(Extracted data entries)
=== Begin Enclosure ===

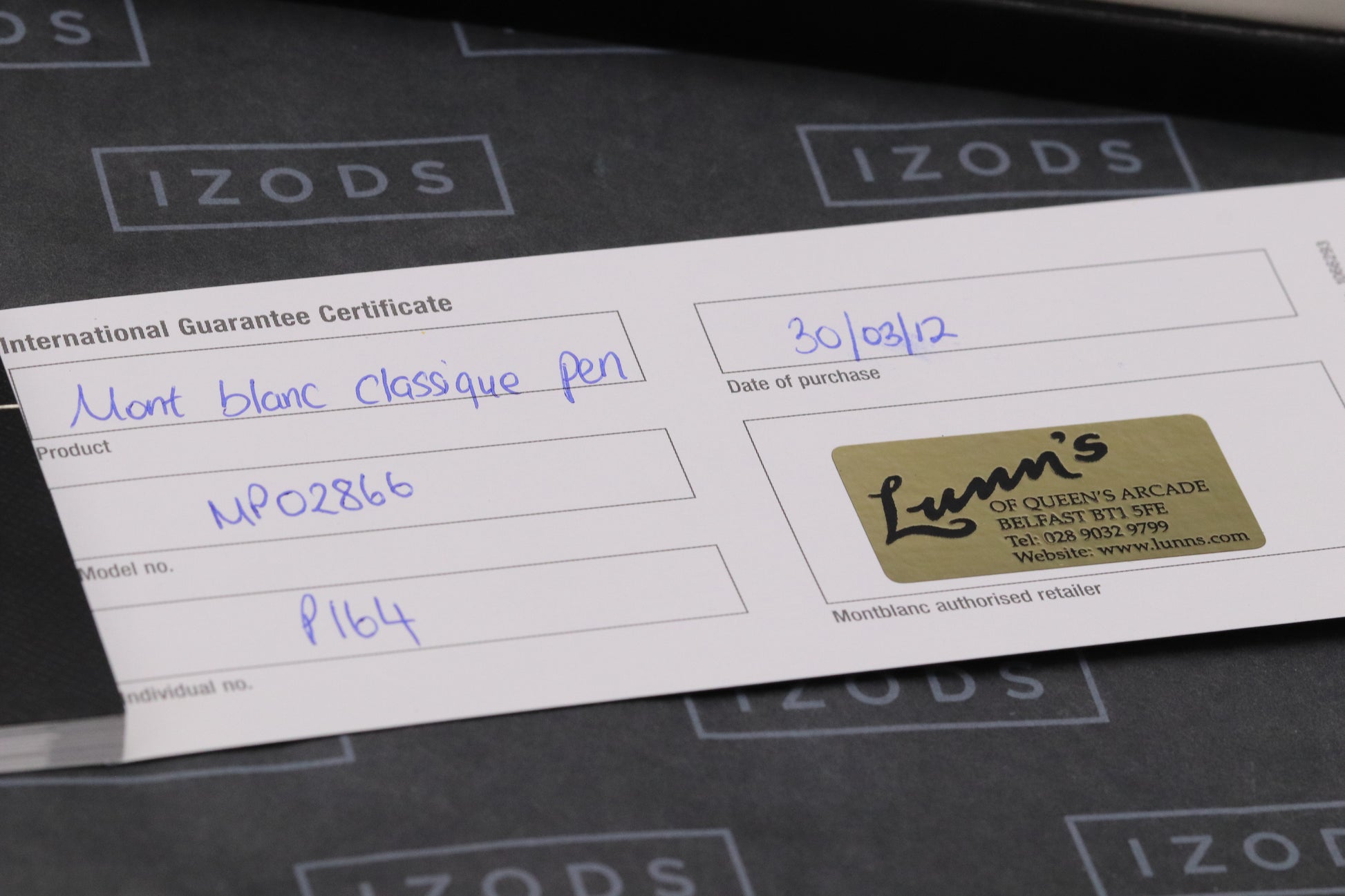 With every pen that we sell we provide a card that includes the manufacturer, model, serial / limitation number and date it was purchased from us. We do this because our customers like to have documentation showing that it’s been purchased from a trusted seller.
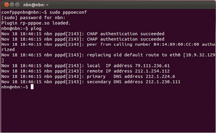 Также вы можете убедится в успешном подключении через PPPoE введя в терминале команду plog:
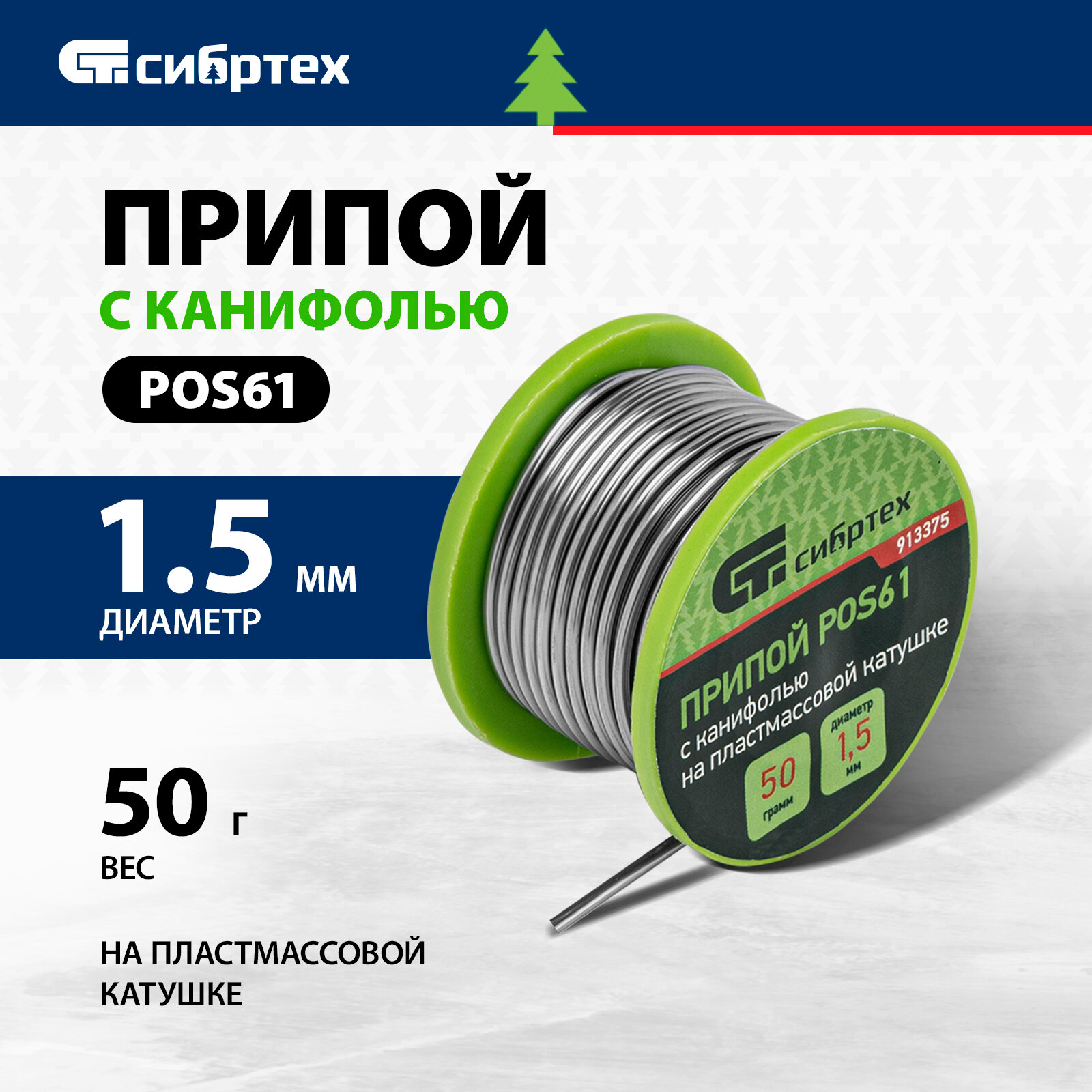 припой с канифолью СИБРТЕХ POS61 d15мм 50г (913375)
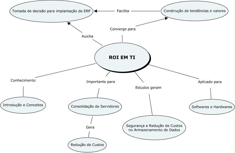 ROI EM TI, ROI EM TI Conhecimento Introdução e Conceitos, ROI EM TI Estudos geram Segurança e Redução de Custos no Armazenamento de Dados, Construção de tendências e valores Facilita Tomada de decisão para implantação de ERP, ROI EM TI Auxilia Tomada de decisão para implantação de ERP, ROI EM TI Converge para Construção de tendências e valores, Consolidação de Servidores Gera Redução de Custos, ROI EM TI Aplicado para Softwares e Hardwares, ROI EM TI Importante para Consolidação de Servidores
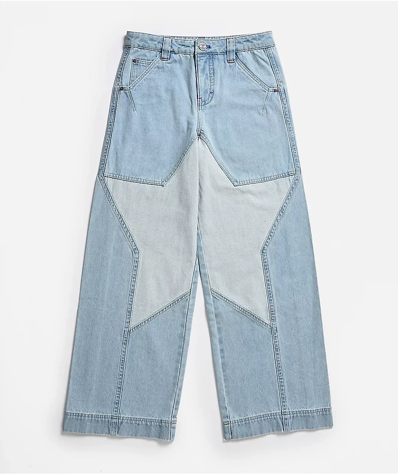 Offered in children's sizes, A.LAB delivers the Mega Star Rave jeans in a light blue denim construction with an ultra-wide leg, baggy fit for a throwback Y2K style. Showcasing a giant star design stitched on the front using reinforced knee panels, th
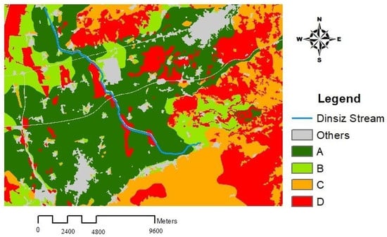 This value could not be obtained from previous studies in this region. Therefore, within the scope of this study, the CN value was manually calculated and assessed with the help of GIS-based programs [55]. The areas were determined by overlapping the hydrological soil group maps and the land use maps produced by the Ministry of Agriculture and Forestry of the Republic of Türkiye for the spring months of 2022, as shown in Figure 5. Then, the units corresponding to these areas (A, B, C, and D) were multiplied by the values in the table of hydrological soil group types. The hydrological soil group map of the location is presented in Figure 6. The calculations were performed, and the CN coefficient was found to be 70.

=== End Enclosure ===

Task details
Copy every line above exactly, leaving no picture in the copy.

Output for this task
 With every pen that we sell we provide a card that includes the manufacturer, model, serial / limitation number and date it was purchased from us. We do this because our customers like to have documentation showing that it’s been purchased from a trusted seller.
 Также вы можете убедится в успешном подключении через PPPoE введя в терминале команду plog:
 припой с канифолью СИБРТЕХ POS61 d15мм 50г (913375)
 ROI EM TI, ROI EM TI Conhecimento Introdução e Conceitos, ROI EM TI Estudos geram Segurança e Redução de Custos no Armazenamento de Dados, Construção de tendências e valores Facilita Tomada de decisão para implantação de ERP, ROI EM TI Auxilia Tomada de decisão para implantação de ERP, ROI EM TI Converge para Construção de tendências e valores, Consolidação de Servidores Gera Redução de Custos, ROI EM TI Aplicado para Softwares e Hardwares, ROI EM TI Importante para Consolidação de Servidores
 Offered in children's sizes, A.LAB delivers the Mega Star Rave jeans in a light blue denim construction with an ultra-wide leg, baggy fit for a throwback Y2K style. Showcasing a giant star design stitched on the front using reinforced knee panels, th
 This value could not be obtained from previous studies in this region. Therefore, within the scope of this study, the CN value was manually calculated and assessed with the help of GIS-based programs [55]. The areas were determined by overlapping the hydrological soil group maps and the land use maps produced by the Ministry of Agriculture and Forestry of the Republic of Türkiye for the spring months of 2022, as shown in Figure 5. Then, the units corresponding to these areas (A, B, C, and D) were multiplied by the values in the table of hydrological soil group types. The hydrological soil group map of the location is presented in Figure 6. The calculations were performed, and the CN coefficient was found to be 70.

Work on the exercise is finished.